* [TASK INSTRUCTIONS]:
Please retype the records below exactly, from the first line through the line containing "Share a review", and leave out any pictures.
[PROVIDED ENTRIES Boundary: Start]
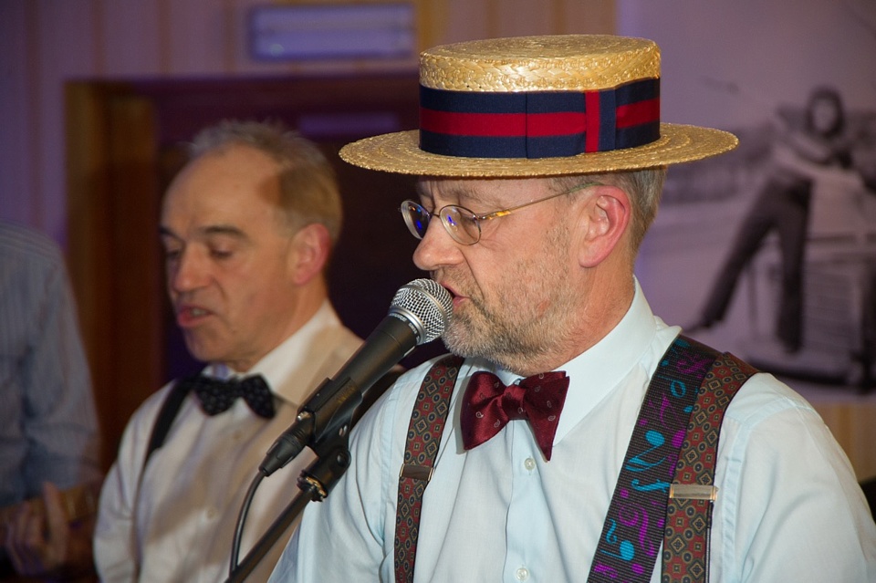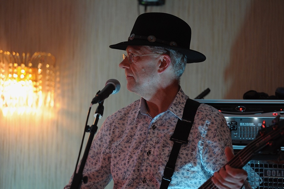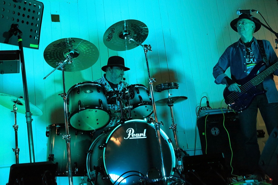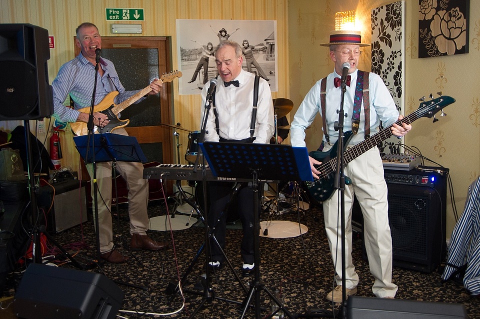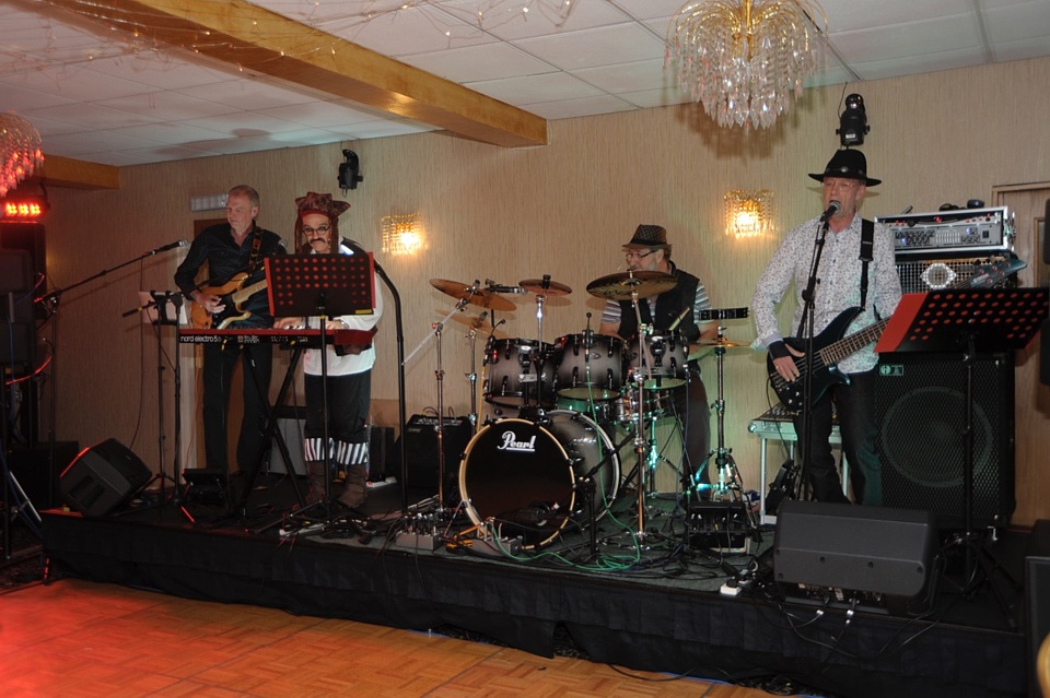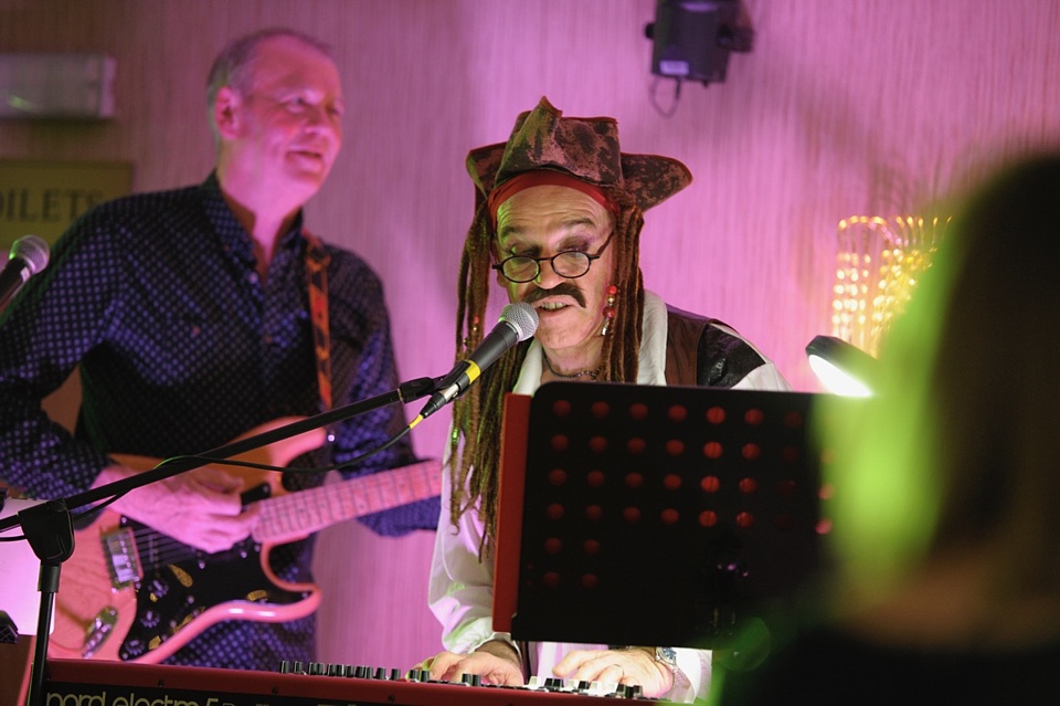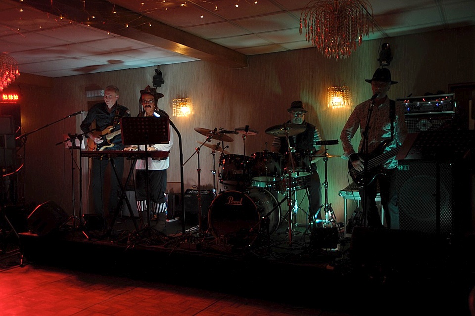 Steve's wife Kim organised a surprise birthday re-union gig for his 60th birthday. Alex, Kev & Eric had secretly rehearsed some of the old songs. Full marks to Steve for performing "on the spot" on the night! The theme was the "roaring twenties", hence the fancy dress and straw boater!
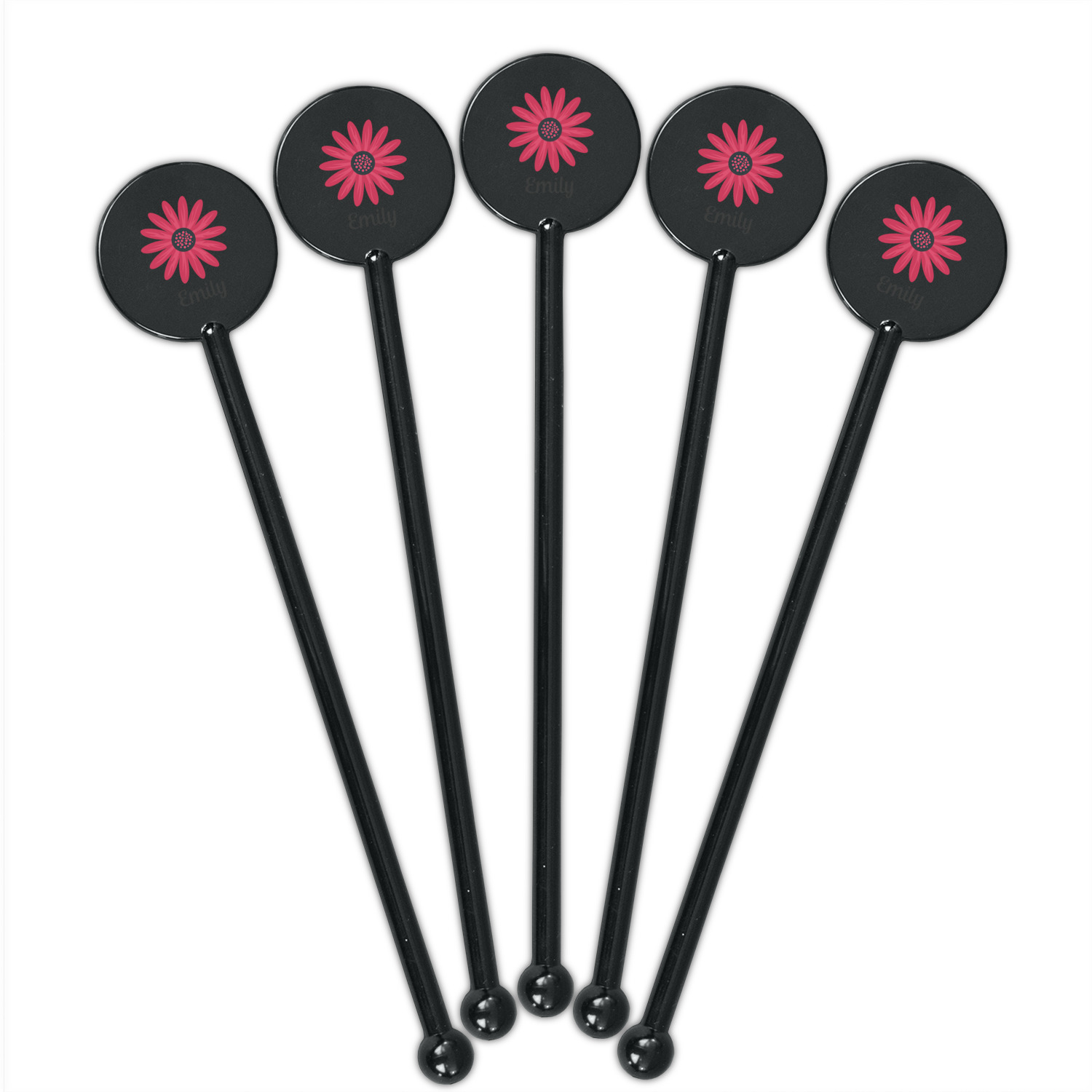 Daisy / Daisies Designs for 5.5" Round Plastic Stir Sticks - Black - Single-Sided
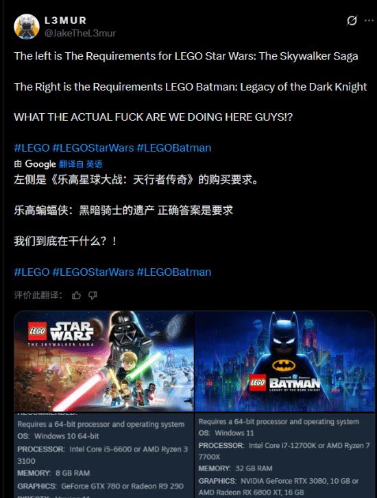 据悉,1月17日首次曝光时,《乐高蝙蝠侠》的配置需求就引发热议。玩家很快将其与2022年的《乐高星球大战:天行者传奇》作对比——后者推荐内存仅为8GB。而短短几年间,TT Games的新作推荐内存却翻了四倍。这也立刻被质疑为PC游戏“优化不足”的又一案例。
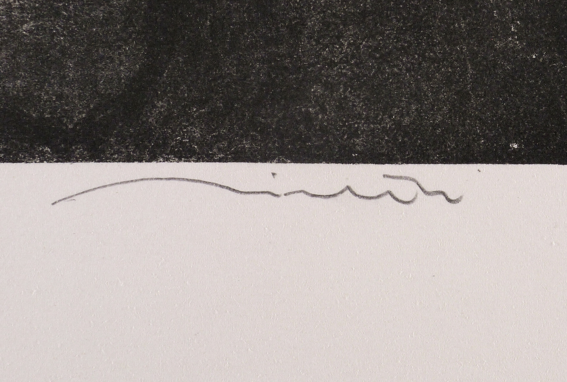 1964. Lithografie / Pinsel- und Kreidelithografie, in Schwarz, auf weichem hellgelbem Velin. – Originale Künstlergrafik, von Hans Theo Richter. – Auflage Exemplar Nr. 7/18. – 16,4 x 30,6 cm (Darstellung / Druckbild), 27 x 39 cm (Blatt).
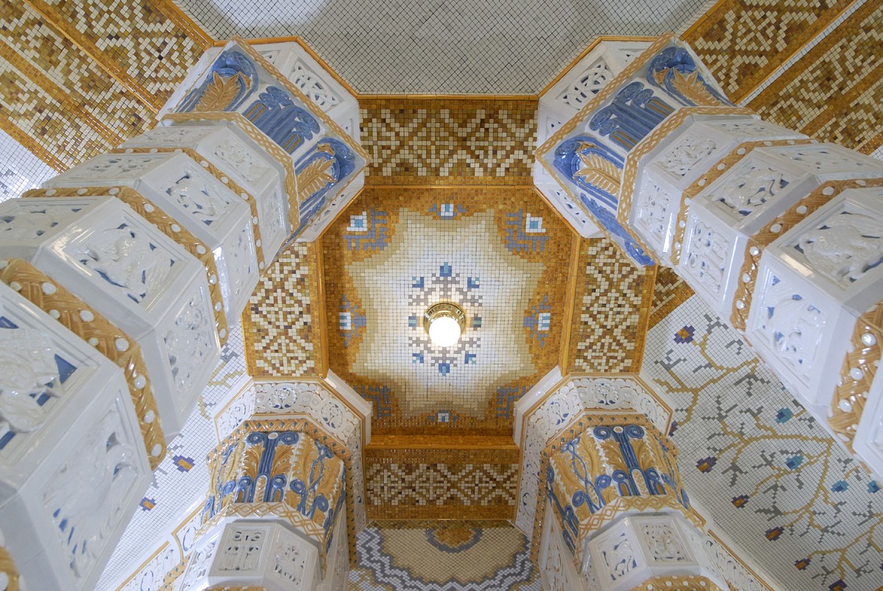 虽然外观看起来平淡无奇,但内部拥有精致的装潢,马赛克天花板令人眼花缭乱,些许的裂纹看起来更有历史的美感。
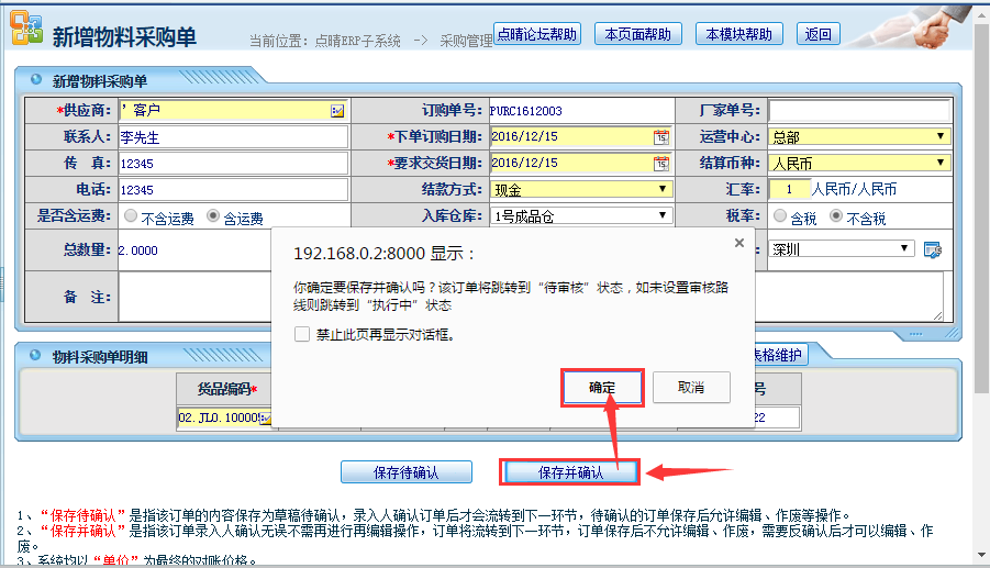 操作步骤: 采购管理——新增采购单,如下图: 操作步骤说明: 1、点击选择供应商; 2、选择结款方式; 3、选择入库仓库; 4、选择采购产品编号; 5、用扫码枪键入批号(串码) 完成后,点击保存并确认,如下图所示: 完成后,相关审核人会收到对应的审核提醒邮件; 操作步骤:采购单——采购单审核,如下图所示, 审核完成后,完成操作,仓库即刻增加该库存数量,如下图所示: 点晴模切ERP更多信息:https://moqie.clicksun.cn,联系电话:4001861886 该文章在 2016/12/15 9:13:31 编辑过 |
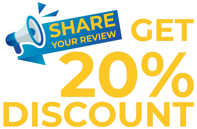 Share a review with a photo or a video on our website or on social media and get a 20% Discount on your next order! Click on the image or here for conditions.
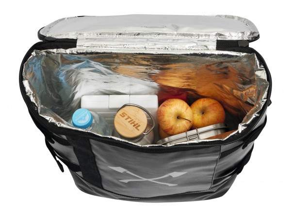 Želite prijeten poletni piknik? S hladilno torbo - nahrbtnikom TIMBERSPORTS® ostanejo hrana in pijača sveži in osvežilni tudi pri visokih temperaturah. Nahrbtnik je v športnem dizajnu. Okrašen je z značilnimi sekirami in logotipom TIMBERSPORTS® ter ima zadrgo v obliki ročaja za zagon STIHL. Hladilni nahrbtnik je izdelan iz vodoodbojnega materiala. Enostaven za brisanje in čiščenje.
[PROVIDED ENTRIES Boundary: End]
* [COMPLETED EXERCISE]:
 Steve's wife Kim organised a surprise birthday re-union gig for his 60th birthday. Alex, Kev & Eric had secretly rehearsed some of the old songs. Full marks to Steve for performing "on the spot" on the night! The theme was the "roaring twenties", hence the fancy dress and straw boater!
 Daisy / Daisies Designs for 5.5" Round Plastic Stir Sticks - Black - Single-Sided
 据悉,1月17日首次曝光时,《乐高蝙蝠侠》的配置需求就引发热议。玩家很快将其与2022年的《乐高星球大战:天行者传奇》作对比——后者推荐内存仅为8GB。而短短几年间,TT Games的新作推荐内存却翻了四倍。这也立刻被质疑为PC游戏“优化不足”的又一案例。
 1964. Lithografie / Pinsel- und Kreidelithografie, in Schwarz, auf weichem hellgelbem Velin. – Originale Künstlergrafik, von Hans Theo Richter. – Auflage Exemplar Nr. 7/18. – 16,4 x 30,6 cm (Darstellung / Druckbild), 27 x 39 cm (Blatt).
 虽然外观看起来平淡无奇,但内部拥有精致的装潢,马赛克天花板令人眼花缭乱,些许的裂纹看起来更有历史的美感。
 操作步骤: 采购管理——新增采购单,如下图: 操作步骤说明: 1、点击选择供应商; 2、选择结款方式; 3、选择入库仓库; 4、选择采购产品编号; 5、用扫码枪键入批号(串码) 完成后,点击保存并确认,如下图所示: 完成后,相关审核人会收到对应的审核提醒邮件; 操作步骤:采购单——采购单审核,如下图所示, 审核完成后,完成操作,仓库即刻增加该库存数量,如下图所示: 点晴模切ERP更多信息:https://moqie.clicksun.cn,联系电话:4001861886 该文章在 2016/12/15 9:13:31 编辑过 |
 Share a review with a photo or a video on our website or on social media and get a 20% Discount on your next order! Click on the image or here for conditions.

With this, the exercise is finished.